В Высоцке, неподалеку от нашего дома, есть скверик, там тоже стоит памятник, похожий на этот, правда, не из такого богатого гранита, а сложен из кирпичей и оштукатурен; и тут же рядом с ним, – а не на кладбище, – несколько могил. Я ходил в школу мимо этого скверика и с некоторых пор часто стал сворачивать в него: подходил к бетонированной плите, над которой вздымался металлический столбик со звездой на конце. Я доставал из тайника веник, счищал с плиты слег, чтобы любой проходящий мог прочесть надпись, а весной я добывал золотую краску и выправлял ею буквы, и еще я тщательно чистил стекло; оно, правда, пожелтело, и надо было поставить другое, но я боялся, что при переделке могла разрушиться фотография, на которой был изображен худощавый человек с усами под курносым мальчишеским носом, и потому усы казались у него приклеенными, даже очень плохо приклеенными, как в самодеятельном театре, а глаза у него были озорные, и мерещилось: он вот-вот подмигнет. Это был мой дед, и на плите стояла надпись: «Илья Петрович Знобин, погиб, защищая Высоцк».

Так все и было на самом деле: деду шел тогда тридцатый год, и он был отставным старшим лейтенантом, потому что лишился ноги на финской войне; но когда немцы подходили к Высоцку, организовал его оборону…

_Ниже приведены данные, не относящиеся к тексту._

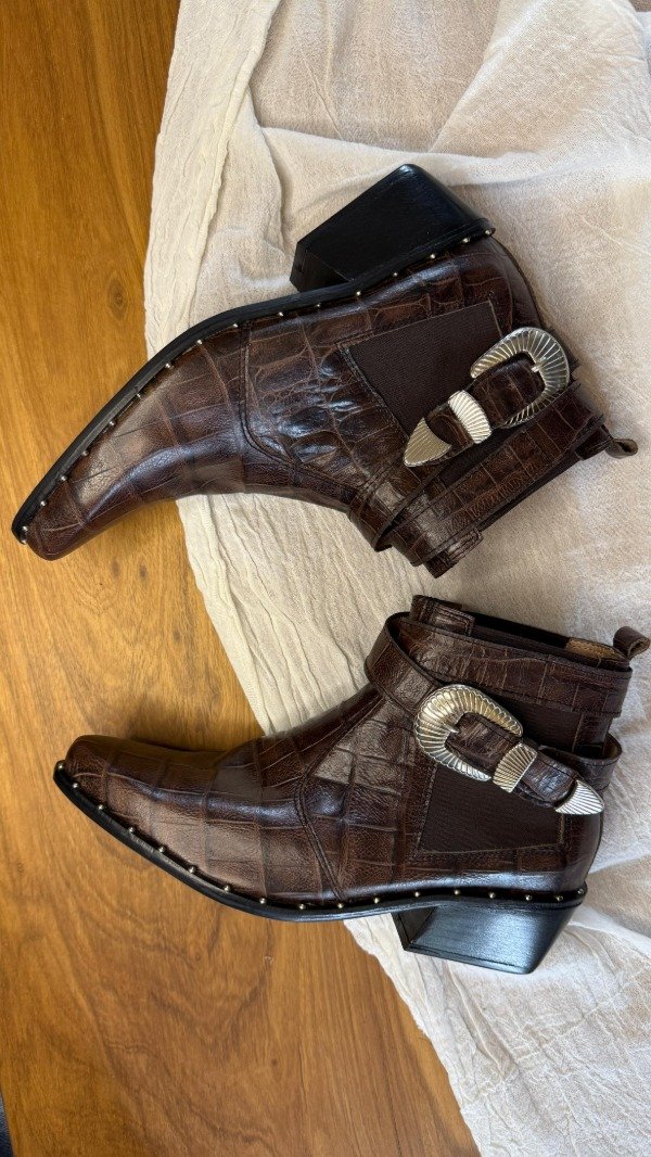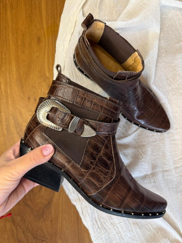 Botineta de cuero vacuno con líneas limpias, elástico lateral y cinto desmontable como sello distintivo.
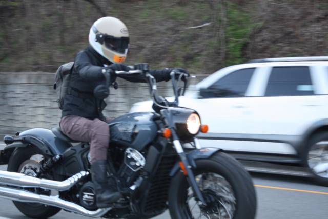 다만 문제는 포지션. 스카우트 바버 트웬티는 기존 ‘스카우트 바버’와 달리 벌 서는 핸들···아니 에이프 행어 핸들이 달려 있습니다. 풋페그(발받침)도 다소 앞쪽에 자리잡았구요. 손발을 쭉 뻗고 타는 바이크입니다. 이걸 덩치 큰 분이 타신다면 여유로워 보이겠지만 저는 잘못하면 정말 벌 서야 됩니다.
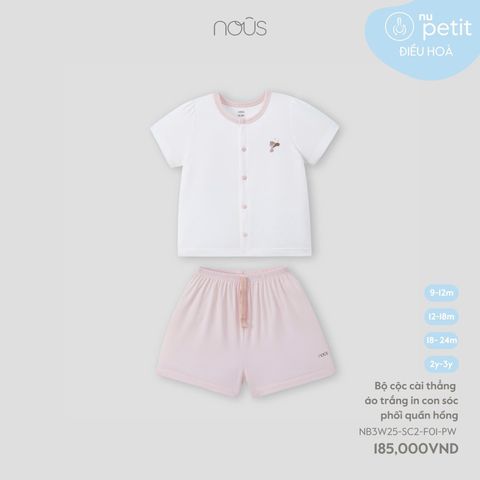 Bộ cộc cài thẳng áo trắng in con sóc phối quần hồng Nous

Мама иногда мне говорила, что не может покинуть Высоцк, потому что здесь могилы всех ее родных.

У нас много в городе могил, а стоит выехать на большое шоссе, то там вдоль кювета обелиски, и на них иногда длинные списки тех, кто остался тут навсегда, пав от пули или осколка, большинству из них не было и двадцати…

Я смотрел на памятник в Перте, на нем тоже был длинный список не вернувшихся с войны домой, и вспомнил, что еще во многих местах видел такие памятники: и в Веллингтоне, и в Сингапуре, и на Маврикии. По всей земле стоят такие памятники… но больше всех их у нас, в России…

Я приходил в скверик, заглядывал в веселые глаза своего деда и разговаривал с ним.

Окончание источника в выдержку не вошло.